Friday, September 11, 2015

New NYC Law Prohibits Extended Buy-Out Negotiations With Tenants In Rent-Regulated Apartments; Landlords Limited To One Offer Every Six Months Or Face Harassment Accusations

In New York City, The Associated Press reports (via The Real Deal (NYC)):
  • New York City is reining in landlords seeking to buy tenants out of rent-regulated apartments, a practice that has come under scrutiny in a roaring real-estate market.

    Saying that residents of the city's 1.3 million rent-restricted apartments are being pressured to move out, Mayor Bill de Blasio signed legislation [] barring repeated buyout offers within six months if tenants don't want them. Other provisions would require reminders that tenants can refuse or consult lawyers.

    “We won’t let tenants be intimidated and forced out of their homes. These new laws protect tenants from harassment and aggressive buyout schemes, and simultaneously help the City keep neighborhoods affordable," said Mr. de Blasio in a statement. "We have a strong partnership with the City Council standing up for tenants, and we thank the sponsors of these laws for helping combat these unscrupulous practices.”

    He and other proponents say the measures will help keep residents from being browbeaten out of their homes by landlords and professional "tenant relocators" eager to charge more. But some real estate industry experts say the restrictions unduly curb communications with tenants.

    Under state laws, vacant rent-stabilized apartments often can be renovated, deregulated and re-rented at triple the price or more—$5,200 a month instead of $1,700 for a Manhattan two-bedroom, for example. Citywide, about 266,000 apartments have been deregulated since 1994.

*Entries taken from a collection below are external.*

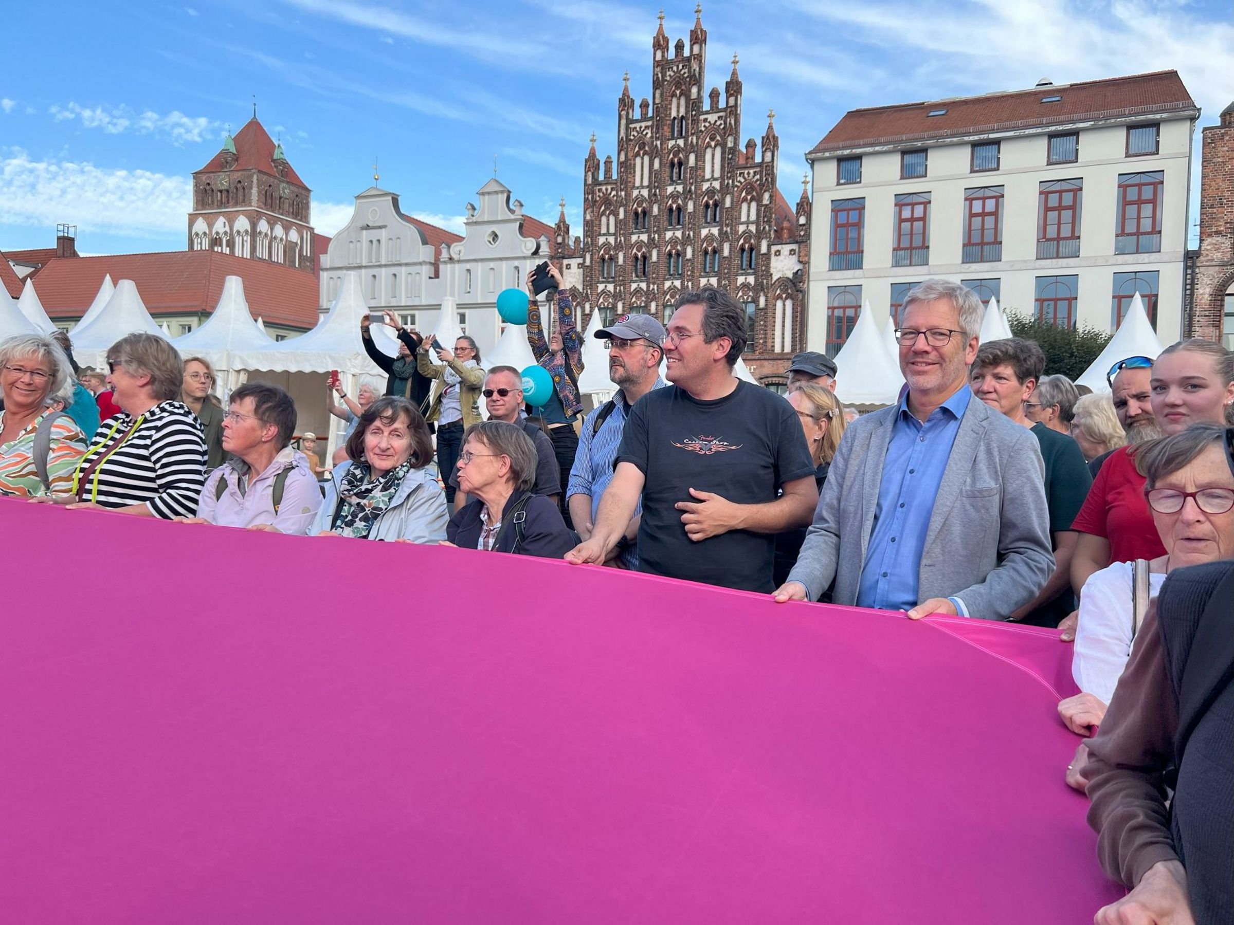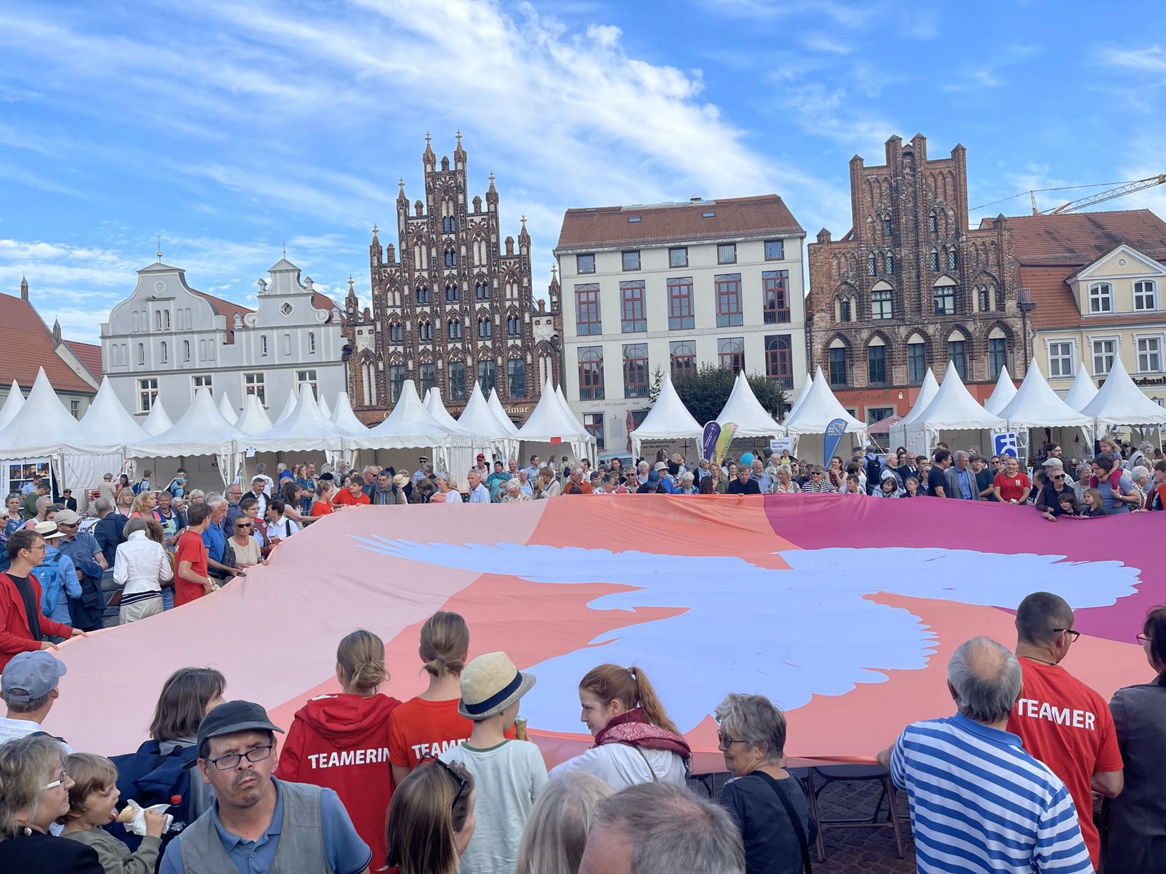 Höhepunkt war ein gemeinsames Friedenszeichen: Hunderte Menschen entrollten ein riesiges Transparent mit einer Friedenstaube. Mit dabei: Der Greifswalder Oberbürgermeister Stefan Fassbinder.
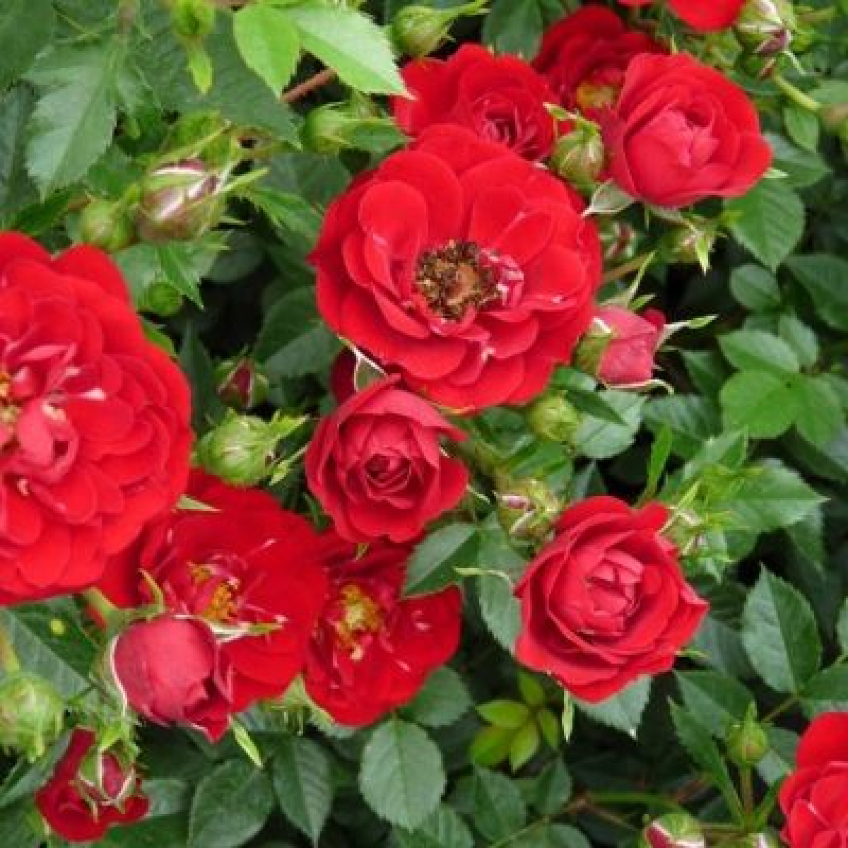 НОВИНКА!!! Высота: 40-60 см. Цветки махровые, красные, с темно-розовым отливом. Аромат легкий. Почвопокровная роза Повторноцветущая.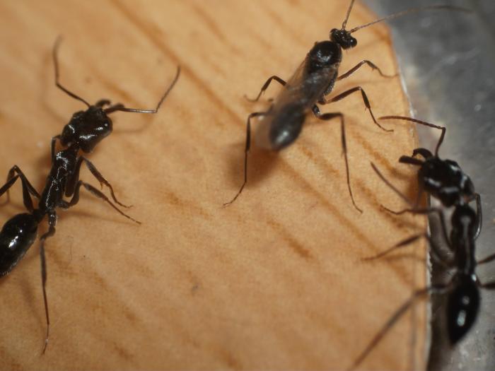 У Odontomachus simillimus вывелись несколько (5) самцов. Выход самцов замечал и ранее, куда они потом исчезают, может улетают, может погибают и их съедают.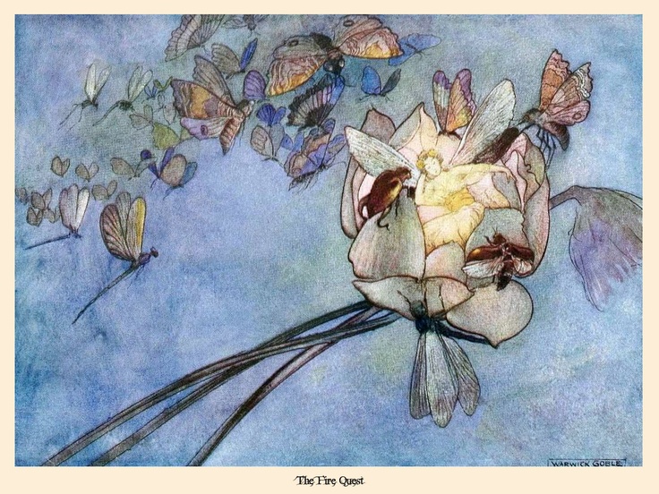 “The Firefly Queen was safe in her lotus bower with her beloved, who was as bright as she, for he was a great lord of the Fireflies. No need had he to go upon the Fire Quest. He carried the living flame beneath his wings.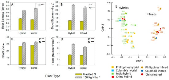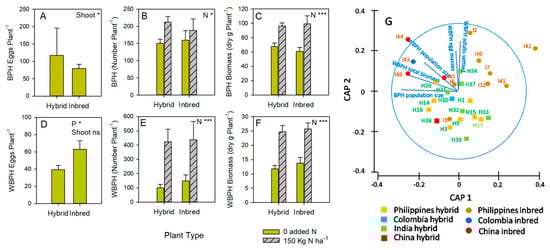- Horgan, F.G.; Bernal, C.C.; Ramal, A.F.; Almazan, M.L.P.; Mundaca, E.A.; Crisol-Martínez, E. Heterosis for interactions between insect herbivores and 3-Line hybrid rice under low and high soil nitrogen conditions. Insects 2024, 15, 416. [Google Scholar] [CrossRef] [PubMed]
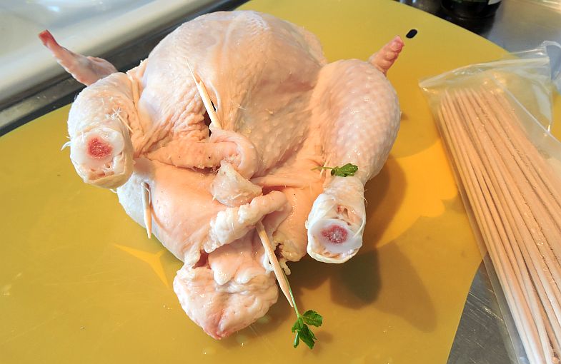 Fäst ihop kycklingskinnet med hjälp av tandpetare eller smala grillspett i trä (cocktailpinnar funkar också fin-fint). Det är en extra försäkran mot att kycklingen helt plötsligt pruttar ur sig lök och persilja i ett olämpligt ögonblick.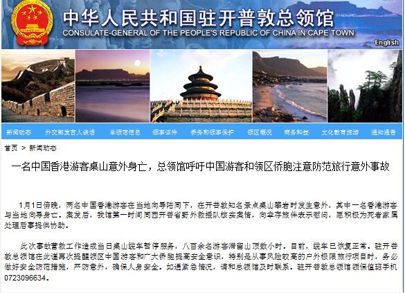 【香港商报网訊】中國駐南非開普敦總領館網站發布消息稱,當地時間1月1日傍晚,兩名香港遊客在南非嚮導陪同下,在開普敦知名景點桌山(Table Mountain)攀岩時發生意外,其中一名香港遊客與嚮導身亡。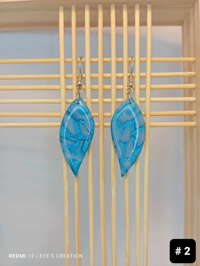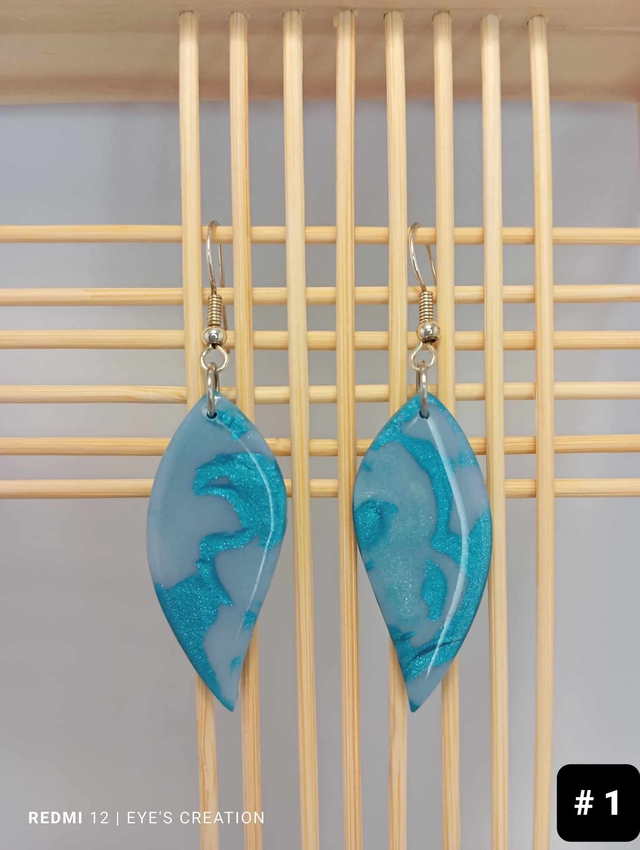 Je vous propose ces magnifiques boucles d'oreilles d'un joli bleu-gris avec ses veines turquoises pailletées. La face arrière est lissée, vernie et de couleur turquoise unie.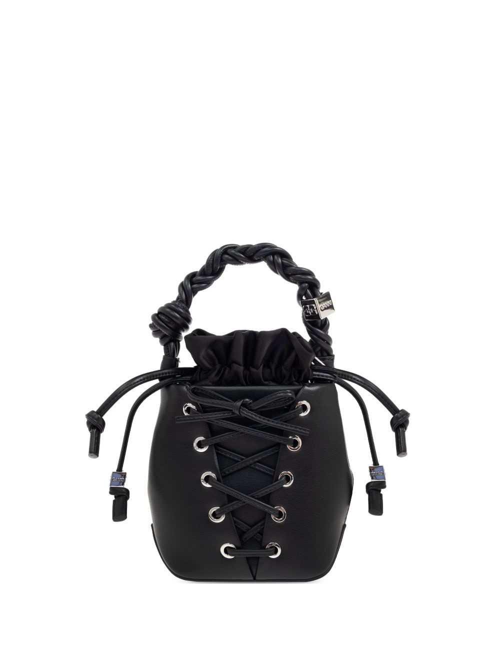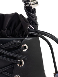 recycled-leather tote bag Highlights - Black - Top drawstring fastening - Single top handle - Lace-up detailing Imported Composition Outer: Recycled Leather 100%, Fabric 100% SIZE & FIT Measurement DEPTH 3.54 in(9 cm) HEIGHT 5.9 in(15 cm) WIDTH 6.29 in(16 cm)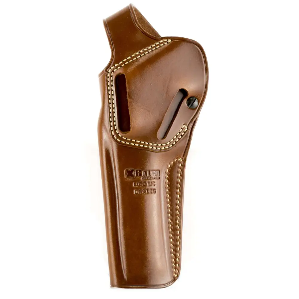 The DAO holster employs a retention strap for simplicity and security in the brush. Its retention strap has a large polymer tab, while the tension screw adjustments allow for a custom fit to your revolver. The DAO can be worn strong side or crossdraw and is constructed of steerhide and fits belts up to 1.75" wide.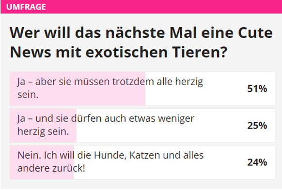 Inkaseeschwalbe und Co. hatte ich euch letzte Woche geliefert, inklusive der Frage, ob ihr eine ganze Cute News mit exotischen Tieren wollt.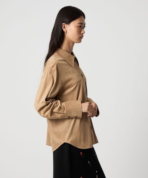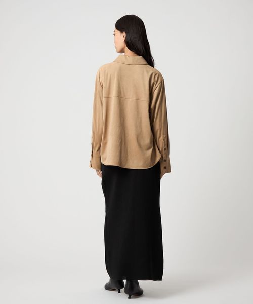 しっとりとした肌触りの軽やかに着られるスウェードライク素材のシャツ。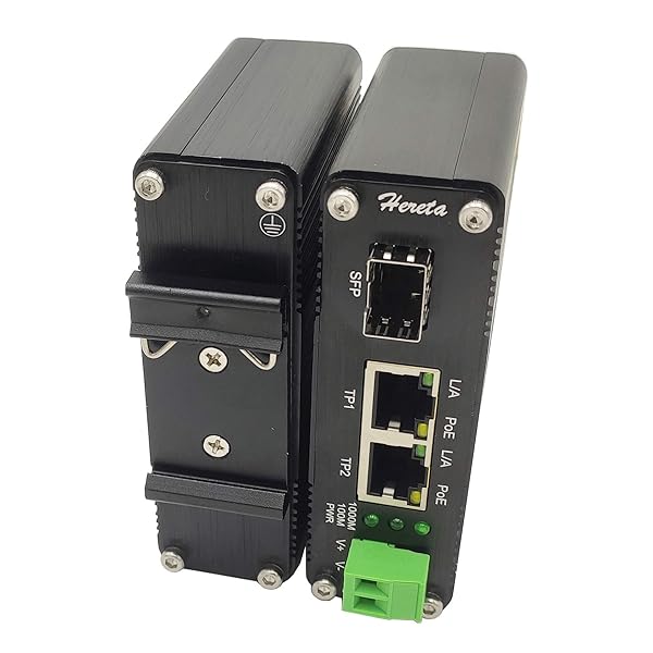 Hereta Gigabit Industrial Ethernet Media Converter POE+ 30W - 2 RJ45 & 1 SFP Port, Aluminum Case, 12-48V DC Input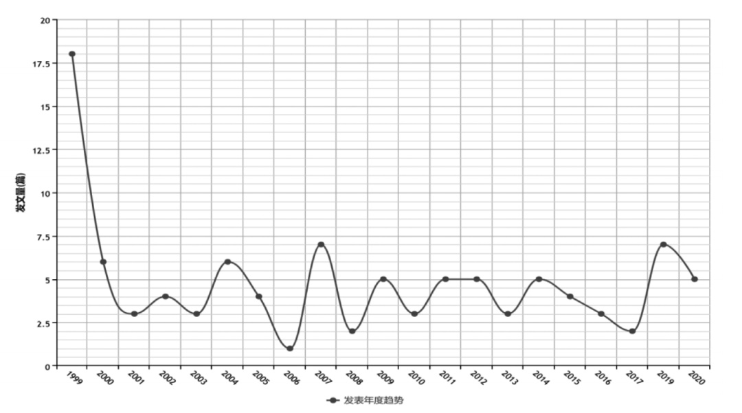 总体趋势分布如图2所示,1999~2020年期间各年行政复议法修改相关研究的发文数量,可以看出学者就行政复议法修改主题研究的总体情况。从图2可以看出,关于行政复议法修改的研究大致呈现出以下两个方面的特点。一方面,1999年是行政复议法研究最为活跃的年度,学者聚焦行政复议法的制定和颁布实施开展了大量研究,大致符合法律颁布前学界研究热度分布规律,在此年度也有不少的相关研究对行政复议法制定的不足进行了深入探讨,以期在未来可能的修改中进一步完善。另一方面,在1999年之后整个进入一个较为平稳的研究时期,一直持续到2020年,在这一阶段行政复议法《行政复议条例》施行过程中,既是行政复议相关制度的实践初期,学者们的观望期和研究点以及研究方向的探寻时期,也是学界针对相关问题的持续研究,研究视角和研究方向逐渐增多,每年的研究成果数量趋于稳定,这其中对行政复议法的修改研究一直在持续的积累和深化之中。显然,在《行政复议法实施条例》颁布(2007)及行政复议法实施二十周年(2019)这样具有重要意义的年份,研究成果出现了较为明显的小幅增加,这同样符合研究热度分布规律。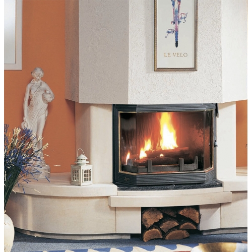 Камин из камня Blanche с чугунной топкой. Топка с керамическим стеклом призматичной формы. Внизу предусмотрено место для дров.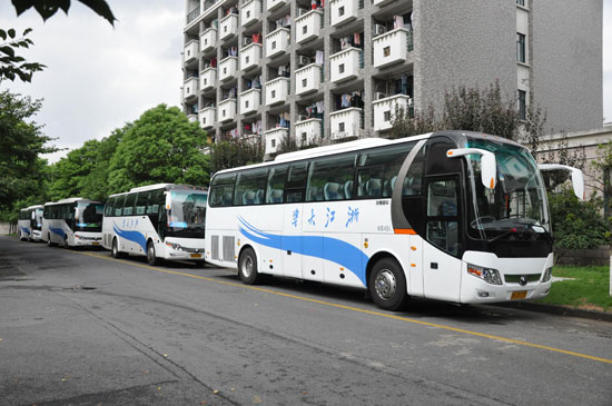迎新期间,一辆辆崭新的宇通客KY.COM搭载着浙大“fresh man”驶入了这座百年学府,她们穿梭于绿树白墙互相交错、蓝天碧水相互映衬的美丽浙大中,为刚入校门的新生带来了“美丽浙大”的初印象。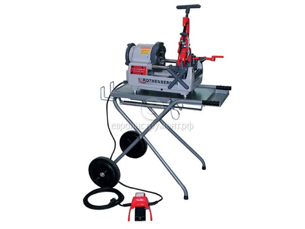 Удобная тележка со складной конструкцией предназначается для установки и транспортировки станка для нарезания резьбы Ropower 50R. Тележка на пластмассовых колесах, с подставкой для инструментов и держателем для педали.

    Tenant harassment complaints in city Housing Court have nearly doubled since 2011, officials have said. At a City Council hearing this spring, tenants and their advocates described residents getting knocks on their doors, fielding multiple calls per week and being accosted on the street with unwanted buyout offers. Some said that they'd been threatened with lawsuits or jail if they refused and that relocation specialists had approached tenants' children.

    "Rent-regulated tenants routinely face harassment," and it's especially troubling when the city is striving to preserve affordable housing, said Brandon Kielbasa of the Cooper Square Committee, a tenant advocacy group. He sees the new measures as needed protection.

    But real estate interests have noted that buyout offers—often totaling five or more figures—can be welcome.

    Some tenants solicit them. Others who initially decline reconsider as their circumstances change or the offer increases, says landlords' lawyer Sherwin Belkin. He says he won't force the issue if a tenant says no, but he inquires again in a few months or weeks if he believes they may entertain different terms, or he might send a note inviting them to call if they change their minds.

    The six-month blackout on reapproaching uninterested tenants "prohibits what can be purely benign, non-threatening, non-intimidating—what should be protected free speech," Mr. Belkin said, noting that existing laws already prohibit tenant harassment. A 2014 law doubled the maximum penalty to $10,000.

    Meanwhile, a new city and state anti-tenant-harassment task force logged its first criminal case in June, when a Brooklyn landlord was accused of destroying walls and illegally turning off heat to try to make tenants miserable enough to move.

    The new measures are set to take effect three months after being signed.